===== COLLECTED DATA =====

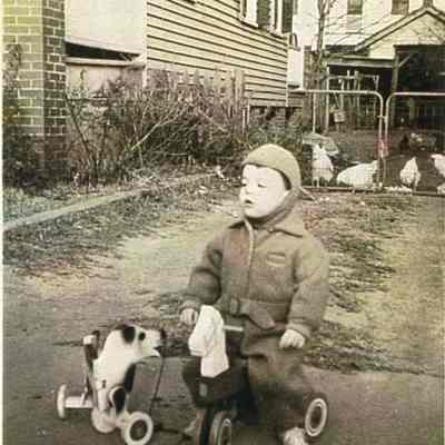 Photo 9: View of a boy on a tricycle in the driveway of 12 Sutherland Avenue. Chickens behind fence in background. Ca. 1950s.
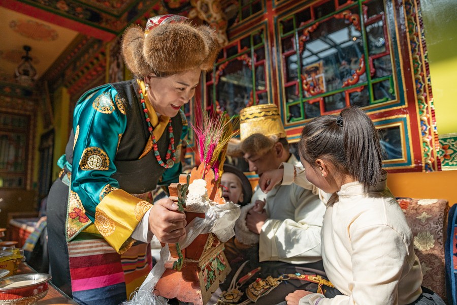 Pasang Butri's daughter Tsering Butri (1st L) prepares chema box for her family members at home in Xigaze, southwest China's Xizang Autonomous Region, Jan. 12, 2024. (Photo by Tenzin Nyida/Xinhua)
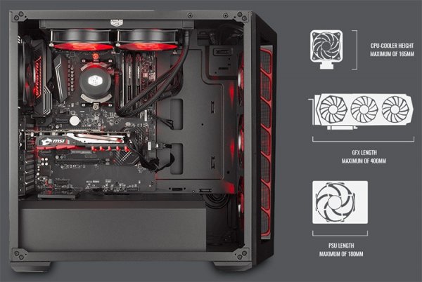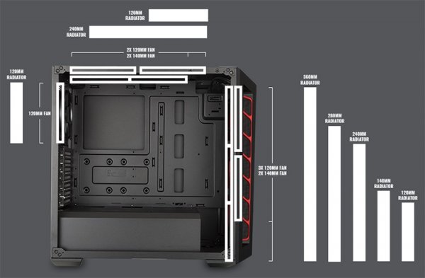 Ассортимент корпусов компании Cooler Master продолжает активно пополняться моделями MasterBox, сочетающими в себе как привычные элементы, так и оригинальные решения. На этот раз тайваньский производитель решил порадовать любителей «гоночного» внешнего вида комплектующих Mid-Tower корпусом MasterBox MB510L. Продукт появится в продаже в четырёх цветовых вариантах обрамления передней панели — красном (артикул MCB-B510L-KANN-S00), чёрном (MCB-B510L-KANN-S01), белом (MCB-B510L-KANN-S02) и синем (MCB-B510L-KANN-S03). Сама лицевая панель имеет «карбоновую» текстуру, но рассчитывать на то, что она действительно изготовлена из углеволокна, конечно не стоит. Основными материалами, используемыми в производстве MasterBox MB510L, являются сталь, пластик и, по-видимому, акрил. Новинка, среди прочего, примечательна наличием прозрачной левой боковой панели и возможностью установки сразу трёх радиаторов СЖО. Габариты конструкции равны 496(Д) ? 217(Ш) ? 468(В) мм, масса в спецификации не указана. Системный отсек корпуса не изобилует большим количеством деталей. Он позволяет разместить материнскую плату форм-фактора ATX (максимальный размер — 272 ? 305 мм), Micro-ATX или Mini-ITX, семь плат расширения PCI/PCI Express, радиаторы систем жидкостного охлаждения типоразмеров 120 мм (на задней стенке), 120–240 мм (сверху) и 120–360 мм (спереди). По умолчанию на задней панели установлен 120-мм вентилятор. В случае если монтаж СЖО не планируется, свободными остаются посадочные места для дополнительных вентиляторов — пяти 120-мм либо четырёх 140-мм. Под кожухом внизу можно разместить ATX-совместимый блок питания длиной до 180 мм и два 2,5- или 3,5-дюймовых накопителя. Ещё четыре 2,5-дюймовых SSD/HDD могут «поселиться» за поддоном для материнской платы и на кожухе БП. Ограничения высоты процессорного кулера в 165 мм и длины видеокарт в 400 мм не станут проблемой для абсолютного большинства энтузиастов, хотя отдельные модели CPU-кулеров достигают 170–172 мм в высоту — взять хотя бы тот же Cooler Master MasterAir Maker 8. На панели I/O корпуса находятся два разъёма USB 3.0, гнёзда для наушников и микрофона. Рекомендованная цена MasterBox MB510L пока известна только для рынка Великобритании — ?49,99 (с учётом НДС).

=====

- YOUR OBJECTIVE -
Up to and including the line containing "Pasang Butri's daughter", repeat every line from the start of the data, but none of the pictures.

- TASK ANSWER -
 Photo 9: View of a boy on a tricycle in the driveway of 12 Sutherland Avenue. Chickens behind fence in background. Ca. 1950s.
 Pasang Butri's daughter Tsering Butri (1st L) prepares chema box for her family members at home in Xigaze, southwest China's Xizang Autonomous Region, Jan. 12, 2024. (Photo by Tenzin Nyida/Xinhua)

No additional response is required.